Выбрать главу

Вечером, лежа на лавке попытался проанализировать в спокойной обстановке все происшедшее со мной с момента попадания личности Алексея Щербакова в тельце двенадцатилетнего подростка Леньки Забродина, по прозвищу «Немтырь». Как такое могло произойти я вряд ли когда либо узнаю. Да это не так уж и важно. Если бы я верил в существование бога, то можно было бы сослаться на божий промысел. Стоп! Как это если бы верил? Я верю! «В какого бога это ты веришь? В того, который позволил уродам убить у тебя на глазах отца с матерью или в какого то другого бога?». А ведь прав, прав старик. Боль и ненависть на мгновение захлестнули сознание. Я снова, в который уже раз, очнулся на той дороге. Двое или трое возились за кустами, что то там делая. Двое в рванье смотрели на лежащего и подергивающего ногами неказистого мужика. Под головой его растеклась темная жидкость. Неподалеку лежал ничком отец с топором в мертвой руке. Высокий рябой мужик, одетый получше и почище остальных, стоял возле нашей телеги и копался в мешке с едой. Вот он оставил мешок и прислушался:

— Едет кто то. Обоз похоже. Эй вы! Бабу бросьте! Уходим. Пискун хватай мешок с жратвой. Чалый с Цыганом, лошадь выпрягайте, Горбатого на лошадь. И быстро, быстро.
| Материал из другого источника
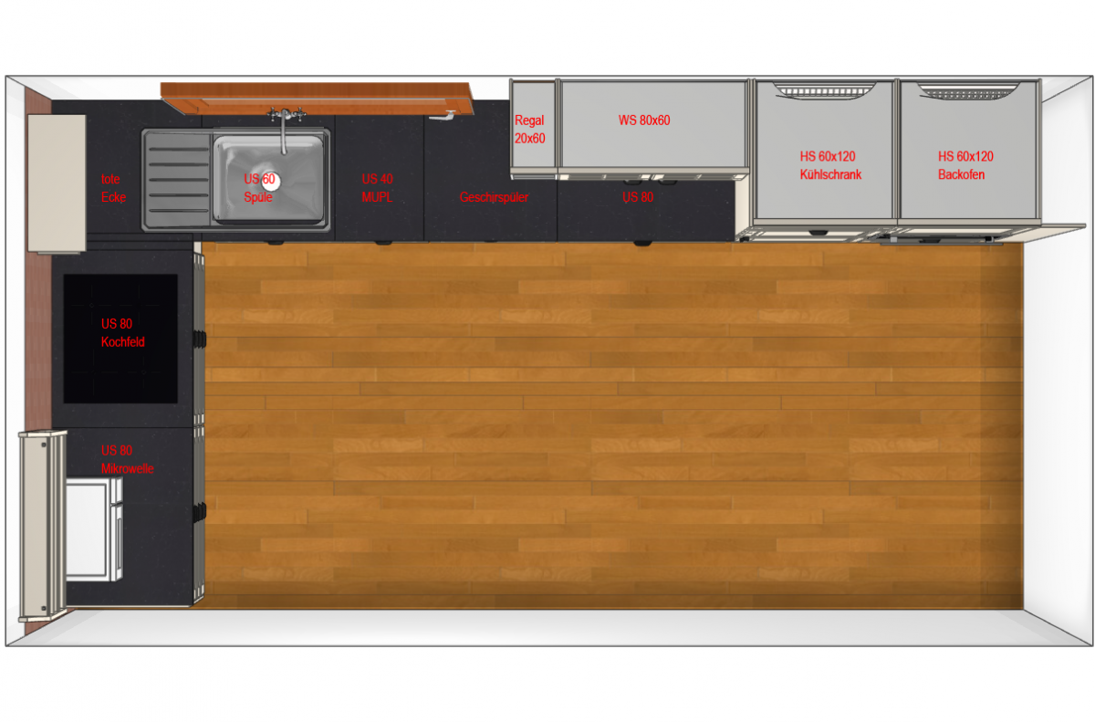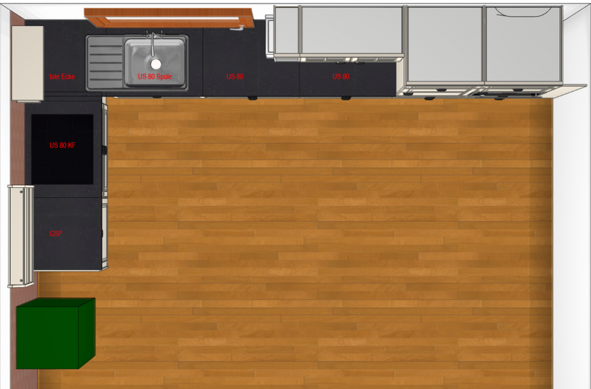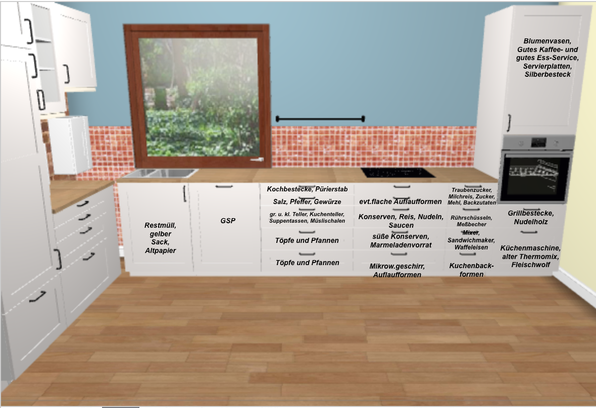 Den Kühlschrank fand ich in deinem Plan viel zu hoch, da kommt man ja an die oberen Fächer gar nicht mehr ran. Daher bei mir nur zwei Auszüge darunter.

— Рябой чё с ним возиться, дохлый он уже. Мужик ему башку топором расколол.

— Хош поспорить со мной? Делай, што говорю! Отвезем подальше и бросим. Здесь оставлять не след. И топор заберите.

Проследив за подельниками, Рябой подошел к лежащему отцу и вытащив из-за голенища нож ткнул этим ножом уже мертвое тело. Потом быстро заскочил за кусты и дважды резко взмахнул рукой. Затем сделал несколько шагов ко мне, но услышав близкий шум двигающегося обоза, махнул рукой и нырнул в кусты вслед за подельниками. Я кое как поднялся и на заплетающихся ногах потащился к дороге. Не дошел, упал, но меня заметили.

Я никому не рассказывал про это. Горе и ненависть перехватывали горло и я не мог говорить. Но я запомнил тебя, Рябой, крепко запомнил. Ведь это ты там в кустах маму убил. И наверняка это ты ускользнул от деда и если есть на свете справедливость, то мы с тобой встретимся, Рябой. Я не верю в этого бога. Ты прав старик. Я не верю, но буду ему молиться — молиться о встрече. Ты напрасно не зарезал пацана, Рябой. Ненавистью жить нельзя и я снова запрячу эти воспоминания в самый дальний уголок, но не забуду, нет не забуду. Я не граф Толстой и щеки подставлять не буду, и если мы встретимся, то я узнаю тебя, Рябой, ну а там посмотрим. Ведь не зря же ко мне вселился этот старик из будущего. Он много чего знает и я теперь не испуганный семилетний пацан. Тебе понравится, Рябой.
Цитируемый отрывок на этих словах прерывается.